Aunque también jugamos, contra toda lógica, porque nos lo ocultan nuestras propias autoridades sanitarias, aquellas que precisamente tienen la obligación de vigilar, controlar y, sobre todo, prohibir todo aquello que afecta negativamente a la salud pública. Son ellas las que deberían defendernos y evitar que seamos sometidos a este criminal juego. Pero, por desgracia, en la actualidad dichas autoridades están casi siempre en manos del poder económico y de quienes lo manejan. Incluso no es raro ver determinados funcionarios trabajando alternadamente para las empresas que producen los compuestos y para los organismos públicos que los deberían controlar.

Sin embargo, también participamos en este juego porque nos engañan. Nos mienten sobre el verdadero significado de la ciencia y sobre algo tan importante como es el principio de precaución. Para empezar, intentan hacernos creer que los estudios pagados por las grandes empresas, muchas veces auténticos ejercicios de anticiencia, sólo por el hecho de ser realizados en laboratorios con máquinas muy caras y sofisticadas arrojan necesariamente verdades científicas incuestionables. Por el contrario, si un científico independiente y con menos dinero prueba otra cosa, rápidamente se le desautoriza, se le ataca o incluso se le hace perder su empleo. Como es evidente, nada de esto tiene que ver con la ciencia.

Por otra parte, el principio de precaución determina que para que un compuesto pueda ser comercializado primero debe demostrar de forma positiva que no tiene ningún efecto sobre la salud. Y tampoco podrá seguir produciéndose si posteriormente surge alguna duda, por mínima que sea, en relación a sus posibles efectos. No obstante, en la actualidad este principio se incumple por completo. A las empresas no se las obliga a presentar estudios que demuestren que los compuestos no afectan a la salud. Únicamente se las obliga a presentar estudios que afirmen que no han hallado ninguna relación. Es decir, no se las obliga a demostrar la inexistencia de esa relación, sino simplemente a decir que no la han encontrado, o bien que no han querido encontrarla.

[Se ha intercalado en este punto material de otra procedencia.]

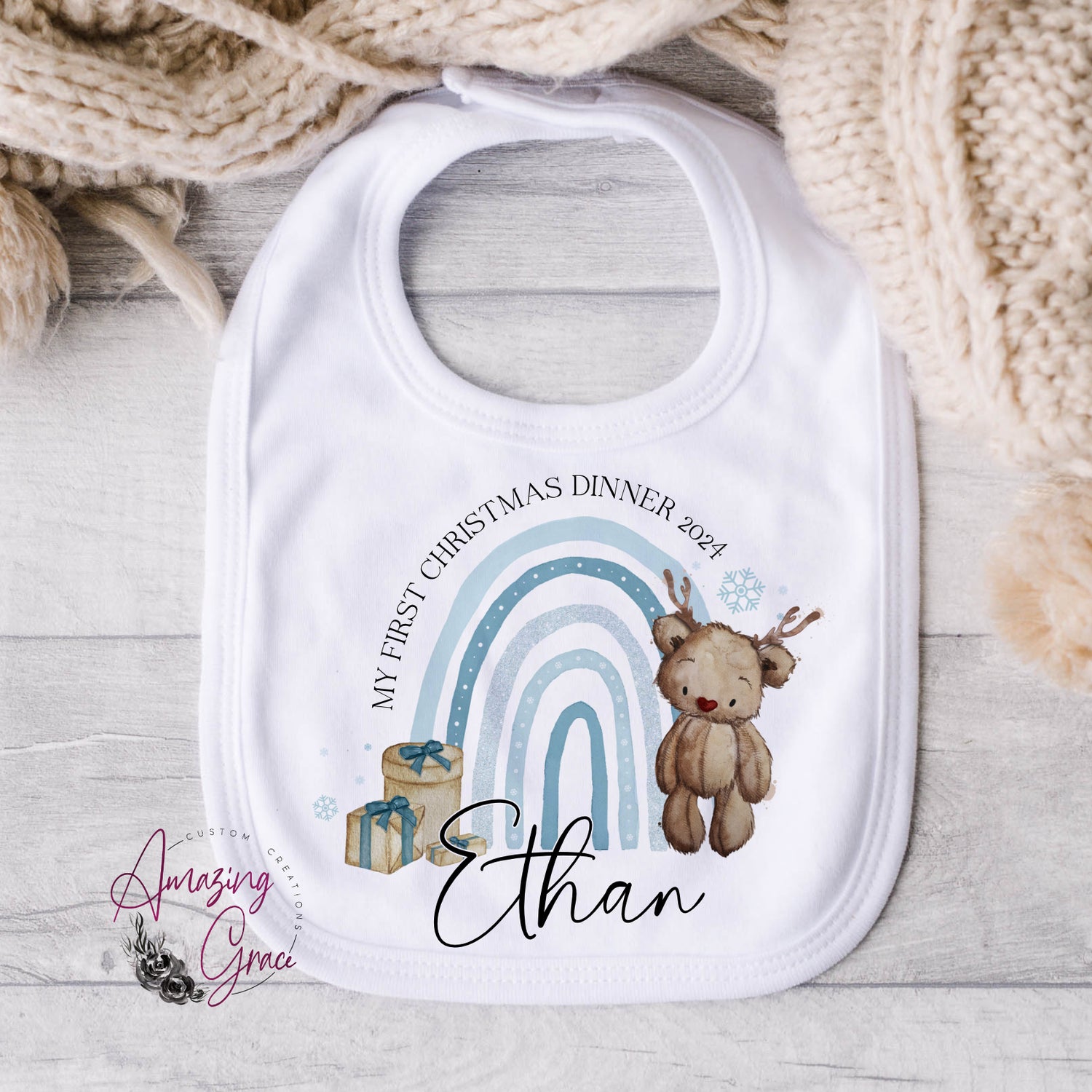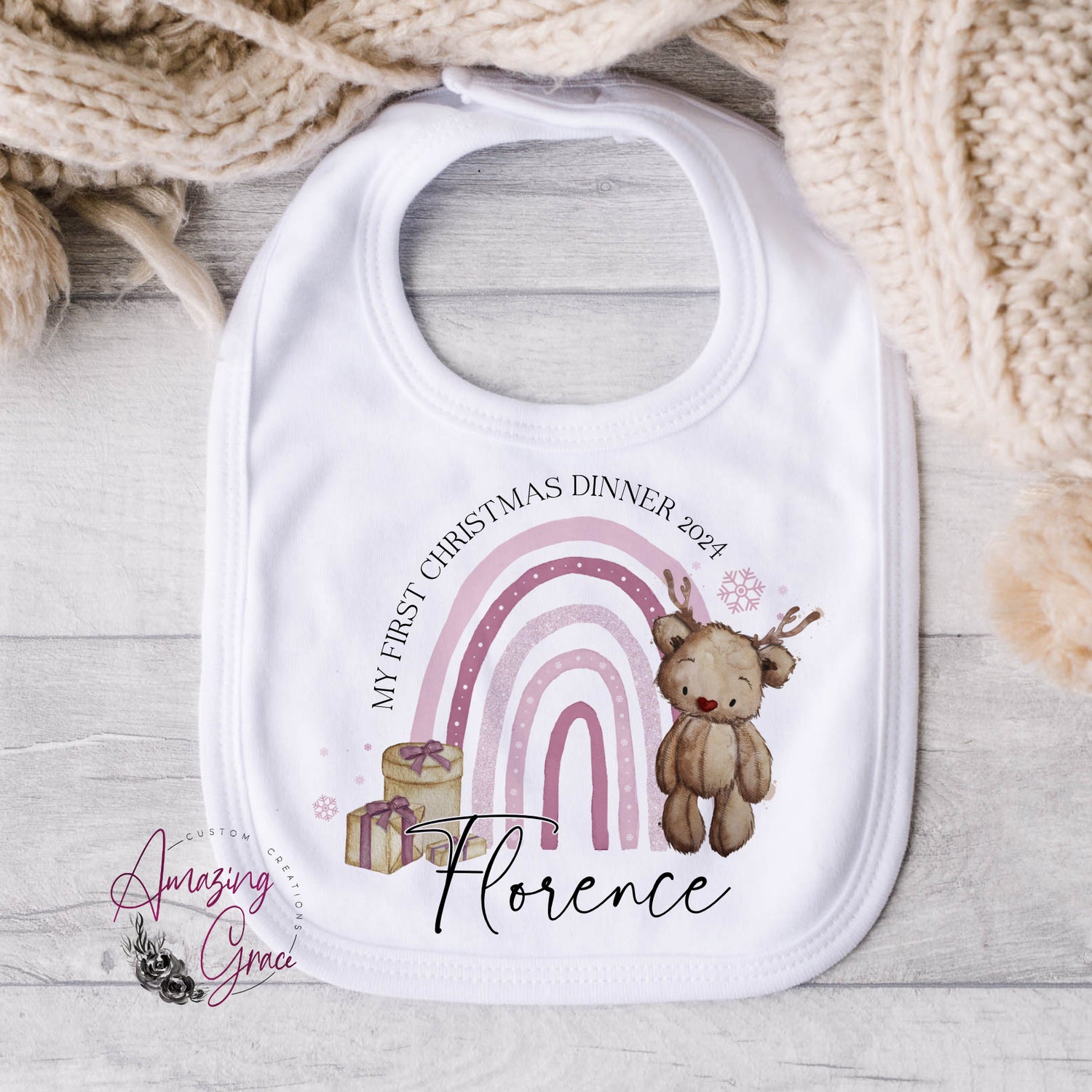 Beautiful soft touch bib with a lovely 2024 design, personalised with your child's name to celebrate their first Christmas Dinner!

Y peor aún, si un estudio independiente levanta luego dudas sobre un determinado compuesto, las autoridades, en vez de poner en cuarentena el producto, lo que hacen es poner en cuarentena ese estudio y esas dudas. Es decir, se pone en cuarentena el propio principio de precaución y la propia ciencia.

No, en realidad todo esto no es ningún juego. No deberíamos resignarnos por más tiempo a ser las víctimas silenciosas, las involuntarias cobayas del lucrativo negocio de unos pocos. No deberíamos dejar por más tiempo que nos mantengan en la ignorancia, que nos oculten la información, que nos desprotejan o que nos engañen. No deberíamos permitir que jueguen con nosotros y con nuestra vida. Y sobre todo, no deberíamos olvidar que tenemos todo el derecho del mundo a nuestra salud, a la salud de todos, a una salud universal que siempre, sin excepción, en todo momento debe ganar.